- [Input records]
################

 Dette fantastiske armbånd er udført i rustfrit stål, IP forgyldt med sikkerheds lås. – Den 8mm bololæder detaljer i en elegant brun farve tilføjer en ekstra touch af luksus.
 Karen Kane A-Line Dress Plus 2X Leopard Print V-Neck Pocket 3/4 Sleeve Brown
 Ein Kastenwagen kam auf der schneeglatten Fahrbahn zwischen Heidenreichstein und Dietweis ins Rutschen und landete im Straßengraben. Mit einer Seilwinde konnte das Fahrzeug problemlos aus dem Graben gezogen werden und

################

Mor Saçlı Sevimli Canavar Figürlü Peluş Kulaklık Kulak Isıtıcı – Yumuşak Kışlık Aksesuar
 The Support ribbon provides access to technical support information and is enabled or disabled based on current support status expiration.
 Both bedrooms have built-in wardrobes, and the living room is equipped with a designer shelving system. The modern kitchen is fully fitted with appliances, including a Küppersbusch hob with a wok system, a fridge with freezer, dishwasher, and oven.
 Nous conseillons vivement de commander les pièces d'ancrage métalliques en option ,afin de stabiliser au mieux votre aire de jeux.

################

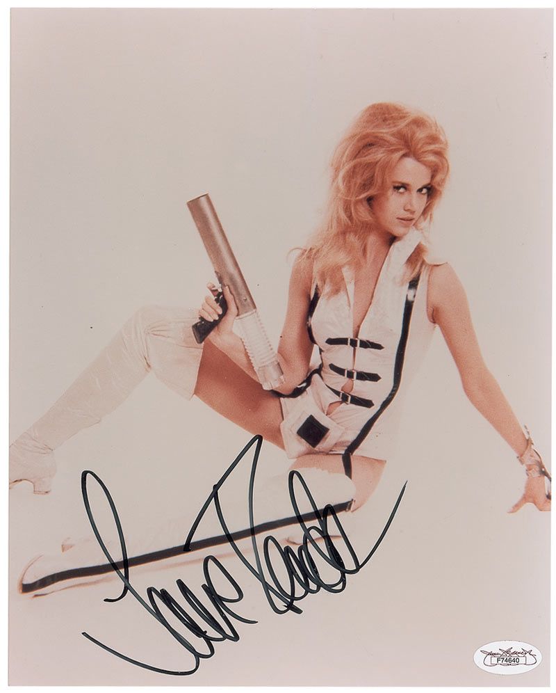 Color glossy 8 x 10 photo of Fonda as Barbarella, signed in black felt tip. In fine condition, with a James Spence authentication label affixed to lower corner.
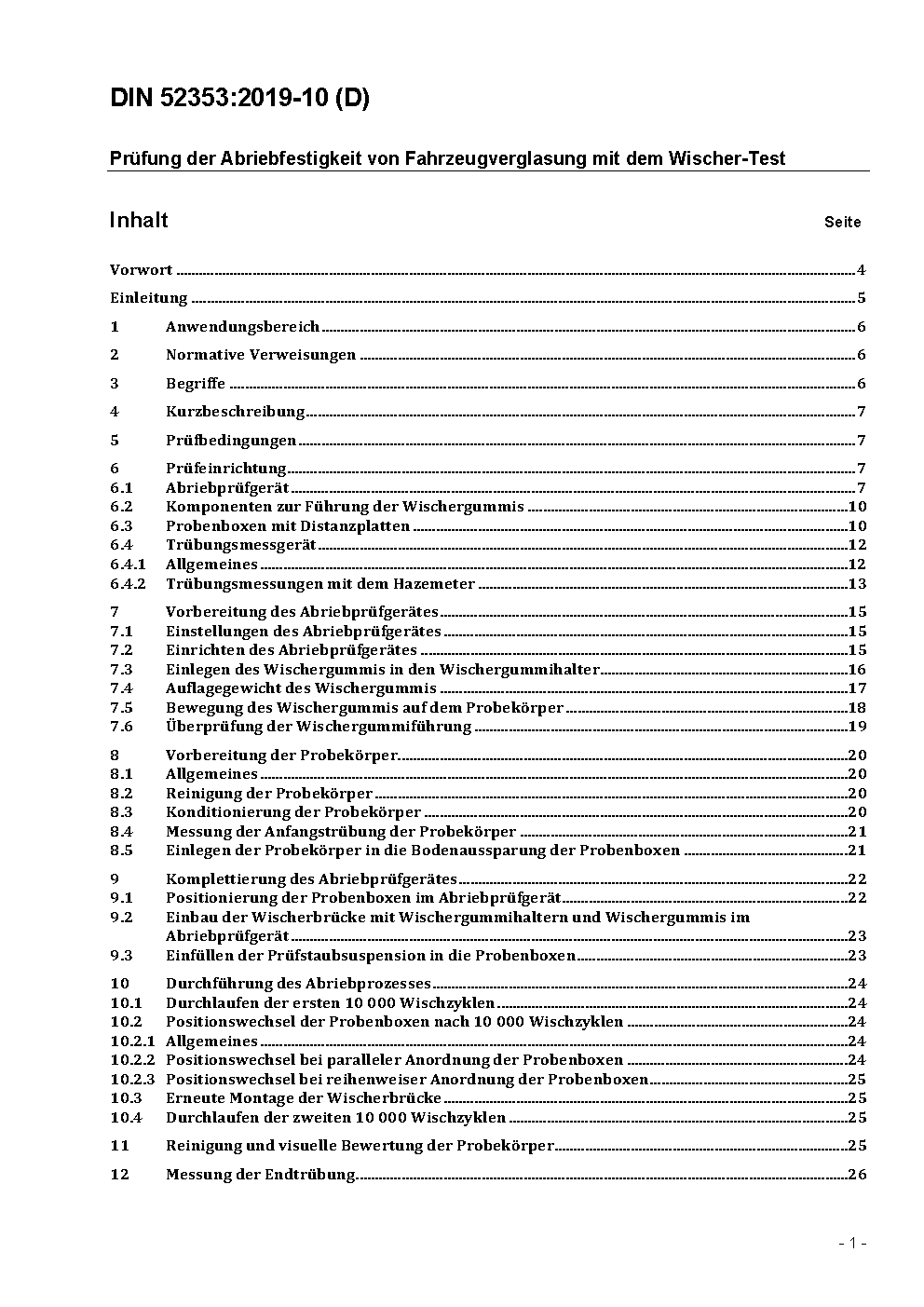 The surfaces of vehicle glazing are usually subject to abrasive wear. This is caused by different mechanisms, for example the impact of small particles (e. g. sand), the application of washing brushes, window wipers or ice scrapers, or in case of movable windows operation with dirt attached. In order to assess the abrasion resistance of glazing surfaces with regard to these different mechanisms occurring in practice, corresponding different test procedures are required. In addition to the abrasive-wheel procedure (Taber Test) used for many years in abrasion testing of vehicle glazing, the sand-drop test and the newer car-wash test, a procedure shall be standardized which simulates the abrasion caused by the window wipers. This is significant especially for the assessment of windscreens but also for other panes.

################

In the listing above, locate the line containing "Karen Kane A-Line" and the line containing "Ein Kastenwagen kam". Transcribe those two lines and everything between them, exactly as written.

 Karen Kane A-Line Dress Plus 2X Leopard Print V-Neck Pocket 3/4 Sleeve Brown
 Ein Kastenwagen kam auf der schneeglatten Fahrbahn zwischen Heidenreichstein und Dietweis ins Rutschen und landete im Straßengraben. Mit einer Seilwinde konnte das Fahrzeug problemlos aus dem Graben gezogen werden und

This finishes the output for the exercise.